Banz Yara, Cung Trinh, Korchagina Elena Y, Bovin Nicolai V, Haeberli André, Rieben Robert
Department of Clinical Research, University of Bern, Bern, Switzerland.
Xenotransplantation. 2005 Nov;12(6):434-43. doi: 10.1111/j.1399-3089.2005.00239.x.
Studying the interactions between xenoreactive antibodies, complement and coagulation factors with the endothelium in hyperacute and acute vascular rejection usually necessitates the use of in vivo models. Conventional in vitro or ex vivo systems require either serum, plasma or anti-coagulated whole blood, making analysis of coagulation-mediated effects difficult. Here a novel in vitro microcarrier-based system for the study of endothelial cell (EC) activation and damage, using non-anticoagulated whole blood is described. Once established, the model was used to study the effect of the characterized complement- and coagulation inhibitor dextran sulfate (DXS, MW 5000) for its EC protective properties in a xenotransplantation setting.
Porcine aortic endothelial cells (PAEC), grown to confluence on microcarrier beads, were incubated with non-anticoagulated whole human blood until coagulation occurred or for a maximum of 90 min.
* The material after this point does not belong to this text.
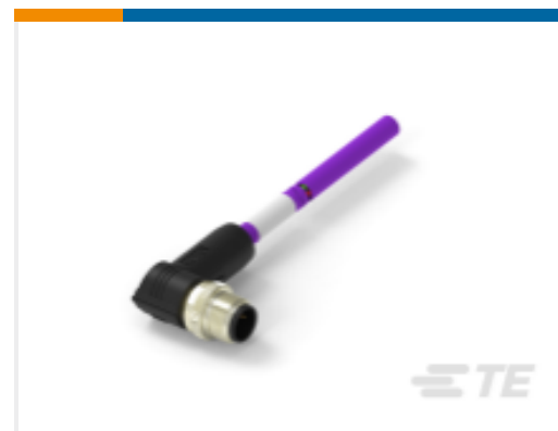
TE 产品编号TAB62246501-040 M12B2-MR-PUR TORSION-4.0M

PAEC-beads were either pre- or co-incubated with DXS. Phosphate buffered saline (PBS) experiments served as controls. Fluid phase and surface activation markers for complement and coagulation were analyzed as well as binding of DXS to PAEC-beads.
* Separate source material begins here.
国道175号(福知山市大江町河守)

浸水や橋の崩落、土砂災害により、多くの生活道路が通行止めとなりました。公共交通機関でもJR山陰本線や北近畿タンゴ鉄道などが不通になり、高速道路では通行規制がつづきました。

Co- as well as pre-incubation of DXS, followed by washing of the beads, significantly prolonged time to coagulation from 39 +/- 12 min (PBS control) to 74 +/- 23 and 77 +/- 20 min, respectively (P < 0.005 vs. PBS). DXS treatment attenuated surface deposition of C1q, C4b/c, C3b/c and C5b-9 without affecting IgG or IgM deposition. Endothelial integrity, expressed by positivity for von Willebrand Factor, was maintained longer with DXS treatment. Compared with PBS controls, both pre- and co-incubation with DXS significantly prolonged activated partial thromboplastin time (>300 s, P < 0.05) and reduced production of thrombin-antithrombin complexes and fibrinopeptide A. Whilst DXS co-incubation completely blocked classical pathway complement activity (CH50 test) DXS pre-incubation or PBS control experiments showed no inhibition. DXS bound to PAEC-beads as visualized using fluorescein-labeled DXS.
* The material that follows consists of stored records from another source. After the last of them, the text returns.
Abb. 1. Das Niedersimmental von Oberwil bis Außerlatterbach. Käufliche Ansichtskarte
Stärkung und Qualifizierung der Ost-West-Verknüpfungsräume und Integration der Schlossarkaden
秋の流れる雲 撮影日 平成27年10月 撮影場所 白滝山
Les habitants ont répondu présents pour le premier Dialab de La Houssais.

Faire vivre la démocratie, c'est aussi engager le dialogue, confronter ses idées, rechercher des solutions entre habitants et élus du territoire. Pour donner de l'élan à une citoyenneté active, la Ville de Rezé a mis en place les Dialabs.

This novel in vitro microcarrier model can be used to study EC damage and the complex interactions with whole blood as well as screen ''endothelial protective'' substances in a xenotransplantation setting. DXS provides EC protection in this in vitro setting, attenuating damage of ECs as seen in hyperacute xenograft rejection.
研究异种反应性抗体、补体和凝血因子在超急性和急性血管排斥反应中与内皮细胞的相互作用通常需要使用体内模型。传统的体外或离体系统需要血清、血浆或抗凝全血,这使得凝血介导效应的分析变得困难。本文描述了一种基于微载体的新型体外系统,用于研究内皮细胞(EC)的活化和损伤,该系统使用非抗凝全血。该模型建立后,用于研究具有特征性的补体和凝血抑制剂硫酸葡聚糖(DXS,分子量5000)在异种移植环境中对内皮细胞的保护特性。
将在微载体珠上生长至汇合的猪主动脉内皮细胞(PAEC)与非抗凝全人血孵育,直至发生凝血或最长孵育90分钟。PAEC珠与DXS进行预孵育或共孵育。磷酸盐缓冲盐水(PBS)实验作为对照。分析补体和凝血的液相和表面活化标志物以及DXS与PAEC珠的结合。
DXS的共孵育和预孵育,随后洗涤珠子,显著延长了凝血时间,从39±12分钟(PBS对照)分别延长至74±23分钟和77±20分钟(与PBS相比,P<0.005)。DXS处理减弱了C1q、C4b/c、C3b/c和C5b-9的表面沉积,而不影响IgG或IgM的沉积。通过血管性血友病因子阳性表示的内皮完整性在DXS处理下维持的时间更长。与PBS对照相比,DXS的预孵育和共孵育均显著延长了活化部分凝血活酶时间(>300秒,P<0.05),并减少了凝血酶-抗凝血酶复合物和纤维蛋白肽A的产生。虽然DXS共孵育完全阻断了经典途径补体活性(CH50试验),但DXS预孵育或PBS对照实验未显示抑制作用。使用荧光素标记的DXS可视化显示DXS与PAEC珠结合。
这种新型的体外微载体模型可用于研究内皮细胞损伤以及与全血的复杂相互作用,并可在异种移植环境中筛选“内皮保护”物质。在这种体外环境中,DXS提供内皮保护,减轻超急性异种移植排斥反应中所见的内皮细胞损伤。